» **Directions for this task**
The material beneath this line should be printed exactly, with its pictures omitted.

═════ Collected material ═════

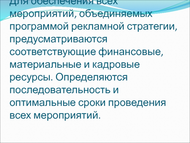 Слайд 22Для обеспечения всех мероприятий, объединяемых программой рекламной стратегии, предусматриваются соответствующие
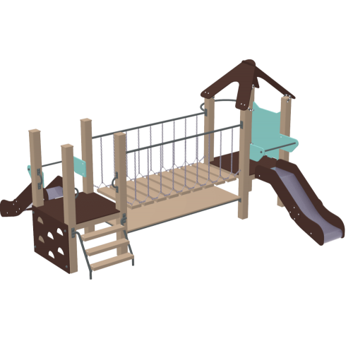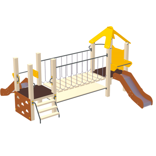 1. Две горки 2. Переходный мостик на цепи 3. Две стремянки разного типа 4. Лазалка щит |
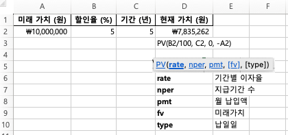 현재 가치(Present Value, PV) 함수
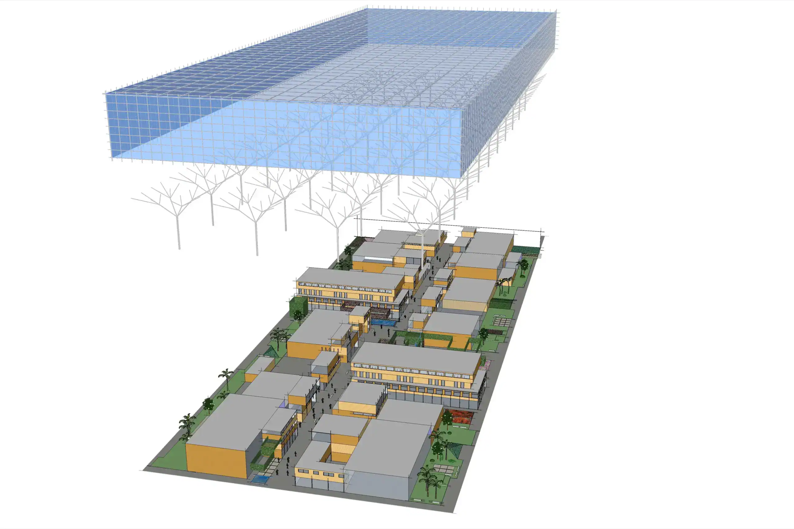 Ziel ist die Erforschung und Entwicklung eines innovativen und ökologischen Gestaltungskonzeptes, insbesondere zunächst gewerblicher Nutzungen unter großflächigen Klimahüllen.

═════

» **Answer to this exercise**
 Слайд 22Для обеспечения всех мероприятий, объединяемых программой рекламной стратегии, предусматриваются соответствующие
 1. Две горки 2. Переходный мостик на цепи 3. Две стремянки разного типа 4. Лазалка щит |
 현재 가치(Present Value, PV) 함수
 Ziel ist die Erforschung und Entwicklung eines innovativen und ökologischen Gestaltungskonzeptes, insbesondere zunächst gewerblicher Nutzungen unter großflächigen Klimahüllen.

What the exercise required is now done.